- Assignment
Reproduce exactly the span of lines beginning at the one with "This independent project" and ending at the last line of the data below, omitting pictures.

- Raw data
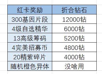 2.这次小活动奖励比起上次整体价值都有提升,尤其是300基因片段,出2次就能稳定换1个指定范围的英雄。正常小活动166玩家的副产物总体价值是18000钻,这次就算3次单红基因片段,也有36000钻的价值,更何况2红3红还能赚更多,理论上限2700基因片段(也没必要一直费钻石刷新,2红带基因片段就行)。
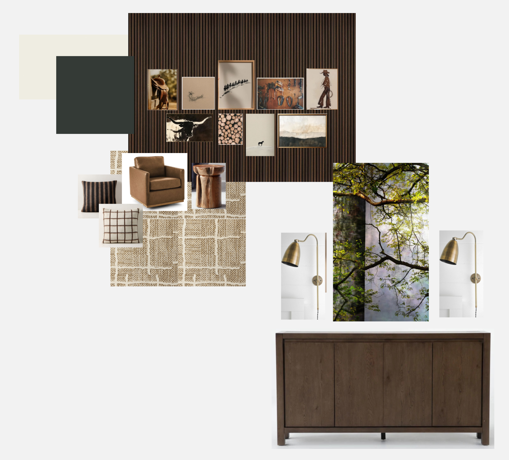 This independent project was created for the main reception area of Sunnyside Lodge. Mandy Kent’s design concept drew on the theme of “Modern Cowboy,” blending contemporary forms with elements of the regional landscape. She selected Dawn Arriving as the signature artwork for the space, intended to anchor the room and create an immediate visual focal point upon arrival.
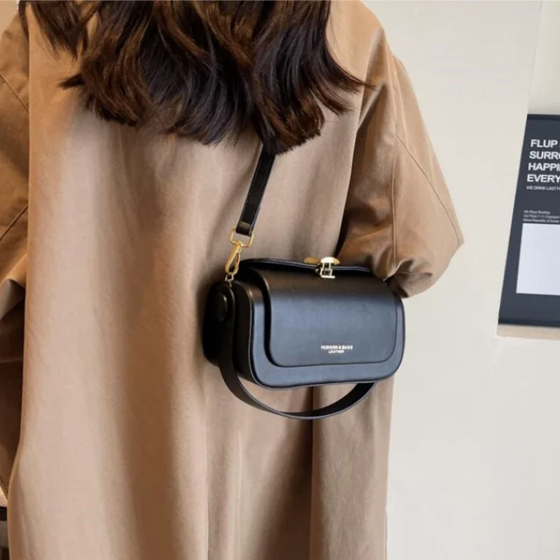 Sac à bandoulière rétro classique pour femme, sac à main à rabat, sacs carrés, grande capacité, cuir texturé, initié, noir, polyvalent, nouveau, 2024 |

- Completed task
 This independent project was created for the main reception area of Sunnyside Lodge. Mandy Kent’s design concept drew on the theme of “Modern Cowboy,” blending contemporary forms with elements of the regional landscape. She selected Dawn Arriving as the signature artwork for the space, intended to anchor the room and create an immediate visual focal point upon arrival.
 Sac à bandoulière rétro classique pour femme, sac à main à rabat, sacs carrés, grande capacité, cuir texturé, initié, noir, polyvalent, nouveau, 2024 |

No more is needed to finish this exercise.